Street smart or just bad mannered..

.. is something that depends on how we view it, is something I’ve come to understand.

I’ve heard people pass judgments on NRI children for numerous faults(perceived and read) of theirs. To be honest, I am yet to meet those NRI kids who seem to be super fussy, or refuse to mix with people in India. Most of our friends kids have a wonderful time in India, just like daughter always did. All the years we lived abroad, we used to make a yearly trip to India, and had never found daughter facing any trouble fitting in. She made friends easily with her cousins, and always had a wonderful time in India. One of the reasons why it was quite easy for us to take the step of moving back to India.

A few days after we came here, we were at the apartment play ground, when some other girls came to play there. Daughter wanted to join them, so I asked her to go ahead, and try saying a ‘Hi’. She did, and much to her surprise, they saw her, heard her, and yet chose to ignore her completely. She was surprised and upset. That incident made her worry if her new school mates would be just as rude. Thankfully, she made friends with other children who had joined at the same time as her, and she was happy. She’s had company and she slowly started making new friends as well. Once in a while, I would hear of children being a little rude- and that I would ask her to ignore. There would be instances of some child telling her that she can’t join the group and other stuff like that. Which I’ve just asked her to ignore and find someone else to play with. Mostly, she’s been happy. Her friends are nice and sweet, and she feels happy around them.

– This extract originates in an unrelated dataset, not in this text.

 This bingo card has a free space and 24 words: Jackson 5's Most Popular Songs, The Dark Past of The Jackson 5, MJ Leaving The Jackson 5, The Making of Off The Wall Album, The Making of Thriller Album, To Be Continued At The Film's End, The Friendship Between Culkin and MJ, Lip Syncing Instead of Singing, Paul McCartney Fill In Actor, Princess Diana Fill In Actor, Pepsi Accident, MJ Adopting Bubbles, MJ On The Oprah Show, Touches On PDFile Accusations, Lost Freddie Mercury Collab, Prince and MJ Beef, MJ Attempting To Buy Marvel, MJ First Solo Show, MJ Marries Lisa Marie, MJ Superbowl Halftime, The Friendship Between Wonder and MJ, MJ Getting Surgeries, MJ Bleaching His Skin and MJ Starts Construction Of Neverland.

Yesterday, daughter was cycling and I was walking beside her when I overheard a bunch of kids talking. They were almost ragging one of the children. There was this ‘leader’ who was leading in her taunts. She said rather unkind things to this girl, and the others followed suit. Finally, the poor kid, was almost in tears, when they started berating her for crying like a baby. Until then, I wasn’t sure if I should intervene or ignore, but something snapped in me. I couldn’t just watch them. So I walked up to them and asked them what was going on.
Immediately one of them said, ‘She’s crying for no reason’.

So I asked her, ‘Did you say anything to make her cry?’. No, came the answer, she just cries for no reason. So then I told them that I heard everything that they said, and to say the least, they had been very unkind. I also told them that if they don’t want to play with someone, that’s fine, but it is wrong to bully someone like this. I asked them to think how they would feel if someone did the same to them. Thankfully they seemed to understand and they apologized and played nicely with her the whole evening. But it made me sad to see how easily children learn this tricks of picking on people, of creating groups and leaders..

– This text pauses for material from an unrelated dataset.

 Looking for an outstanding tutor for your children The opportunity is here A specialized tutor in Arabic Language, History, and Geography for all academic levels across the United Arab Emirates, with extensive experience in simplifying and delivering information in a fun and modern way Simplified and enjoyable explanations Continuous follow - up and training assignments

As some one was telling me, people encourage their children to be street smart, mistaking bullying behaviour for assertiveness and smartness. Being assertive is a wonderful trait in any child, but walking over others and bullying is another thing. From what I’ve seen in the few weeks that I have been here, it’s quite a common assumption that a child who is a bully is actually street smart and that is something positive.

Another friend was mentioning how her child(6 year old) was called a ‘Fool’ just because he was playing in a playground in which others were playing as well. The saddest part was that their mothers were right there, and nobody bothered to stop that child. My friend was mentioning that her son is quite sensitive and this sort of things affect him.

It really makes me wonder, just when being bad mannered and uncouth, has become a good thing, and when being street smart meant walking over others. And just as all NRI kids are not bad mannered, all Indian kids are not perfectly well-mannered either.

I’d rather have my daughter grow up gentle, assertive and standing up for the right causes – no matter which part of the world she grows up in. If she is considered non-street-smart, so be it.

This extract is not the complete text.